Positive Touch Powder Free Examination Gloves With Protein and Chemotherapy Labeling Claim are formulated using latex and are coated with a Polymer coating. These gloves are offered non-sterile in sizes X-small, Small, Medium, Large and X-large.

This document is a 510(k) Summary of Safety and Effectiveness for "Positive Touch Powder-Free Latex Examination Gloves With Protein & Chemotherapy Labeling Claim." As such, it reports on a device, not an algorithm or AI. Therefore, most of the requested fields are not applicable.

Here's a breakdown of the available information:

1. Table of Acceptance Criteria and Reported Device Performance

2. Sample size used for the test set and the data provenance

The document does not specify the sample sizes used for each of the tests (e.g., how many gloves were tested for barrier defects, how many animals for irritation/sensitization).
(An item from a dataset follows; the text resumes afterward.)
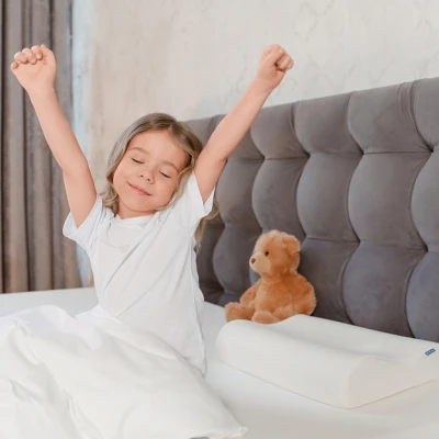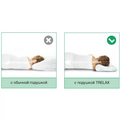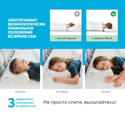 Ортопедическая подушка TRELAX Respecta Baby с эффектом памяти и ионами серебра разработана при участии врачей-ортопедов, обеспечивает физиологически правильное положение ребенка во время сна и отдыха. Данная модель предназначена для детей от 3-х лет до 8 лет, улучшает качество сна ребенка, снимает мышечное напряжения и нормализует кровообращение. Качественный сон - это инвестиция в здоровье! Подарите ребёнку возможность не просто спать, а по-настоящему высыпаться. TRELAX – эксперт здорового сна! Ортопедическая подушка TRELAX Respecta Baby гарантирует спокойный и полезный сон! Рекомендованная поза для сна: на спине, на боку и на животе. Преимущества и особенности: доказанная медицинская эффективность: одобрено и рекомендовано Росздравнадзором; ортопедическая форма ORTHOSHAPE: мягко поддерживает шейный отдел позвоночника ребёнка в анатомически правильном положении; пена с «эффектом памяти»: подушка подстраивается под особую анатомию каждого человека и обеспечивает необходимую ортопедическую поддержку; растет вместе с ребенком: подушка имеет два валика высотой 6 и 8 см, позволяет менять их расположение под шеей по мере роста ребёнка; антибактериальный эффект: ионы серебра в основе подушки обеспечивают антибактериальную и противовирусную защиту; наволочка из натурального эвкалиптового волокна Tencel мягкая и приятная на ощупь, отлично пропускает воздух и препятствует росту бактерий; съёмный внутренний чехол из 100% длинноволокнистого хлопка поддерживает оптимальный воздухообмен; гигиеничность: легкий уход за подушкой обеспечивается за счет съёмной наволочки и внутреннего чехла. К подушке вы можете приобрести дополнительную наволочку , которую удобно использовать при смене комплекта постельного белья. Важно! На ортопедической подушке желательно спать именно на специально предназначенной наволочке, так как она сконструирована по форме подушки. Благодаря особой тянущейся структуре ткани, она не сдерживает, а максимально передает эффект памяти ортопедической подушки. Оказываемые эффекты: улучшение качества сна; фиксация шейного отдела позвоночника и головы в физиологически правильном положении; оптимальная поддержка мышц шеи; расслабление мышц шеи; нормализация тонуса в мышцах шеи и плечевого пояса; нормализация кровообращения головного мозга. Показания нормализация тонуса в мышцах шеи и плечевого пояса; профилактика головных болей напряжения; профилактика развития остеохондропатии шейного отдела позвоночника; профилактика нарушения осанки; расслабление шейных мышц при миозите; улучшение кровоснабжения головного мозга при вертебро-базилярной недостаточности. Состав: Основа: вязкоэластичный пенополиуретан с ионами серебра; Чехол: 100% хлопок; Наволочка: 35% лиоцелл - Tencel (поверхность), 65% полиэстер. Рекомендации по уход: Уход за заготовкой подушки: Пенополиуретан стирать нельзя, для чистки снимите чехол и проветрите заготовку. При необходимости протрите хорошо отжатой тряпкой. Уход за наволочкой и чехлом: Наволочку и чехол, отдельно от подушки, можно подвергать машинной стирке при температуре не более 30°С (деликатный режим). Во избежание появления зацепок на поверхности материала рекомендуется перед стиркой вывернуть наволочку на изнаночную сторону. Не использовать отбеливатели и органические растворители. Не применять сушку в ба

The data provenance is internal to the manufacturer, Allegiance Healthcare Corporation, based in McGaw Park, Illinois, USA. The study is prospective in nature, as it is a pre-market notification for a medical device.

3. Number of experts used to establish the ground truth for the test set and the qualifications of those experts

Not applicable. This is a medical device (gloves), not an AI/algorithm-based diagnostic or prognostic tool that requires expert interpretation for establishing ground truth. The tests are laboratory and physical performance tests against established standards.

4. Adjudication method for the test set

Not applicable. The tests performed are objective laboratory and physical measurements, not subjective evaluations requiring expert adjudication.

5. If a multi-reader, multi-case (MRMC) comparative effectiveness study was done, If so, what was the effect size of how much human readers improve with AI vs without AI assistance

Not applicable. This is a medical device (gloves), not an AI-assisted diagnostic tool.

6. If a standalone (i.e., algorithm only without human-in-the-loop performance) was done

Not applicable. This is a medical device (gloves), not an algorithm.

7. The type of ground truth used

The ground truth for the device's performance is based on established industry standards and regulatory requirements, specifically:

• ASTM D3578-01 (Standard Specification for Rubber Examination Gloves) for physical characteristics (elongation, tensile strength, barrier defects, powder level).
• 21 CFR §800.20 (Barriers) for barrier defects.
• ASTM 5712-95 (Standard Test Method for Protein in Natural Rubber Latex Devices) for protein content.
• ASTM F 739-99a (Standard Test Method for Permeation of Liquids and Gases through Protective Clothing Materials under Conditions of Continuous Contact) for chemotherapy drug resistance.
• Standard toxicological testing methods (Primary Skin Irritation, Guinea Pig Maximization) for biocompatibility.

8. The sample size for the training set

Not applicable. This is a medical device, not an AI/Machine Learning model that requires a training set. The "training" here refers to the development and manufacturing processes of the glove to meet specified standards.

9. How the ground truth for the training set was established

Not applicable, as there is no "training set" in the context of an AI/ML algorithm. The "ground truth" for the device's manufacturing and design would be the specifications and performance requirements derived from the standards listed above.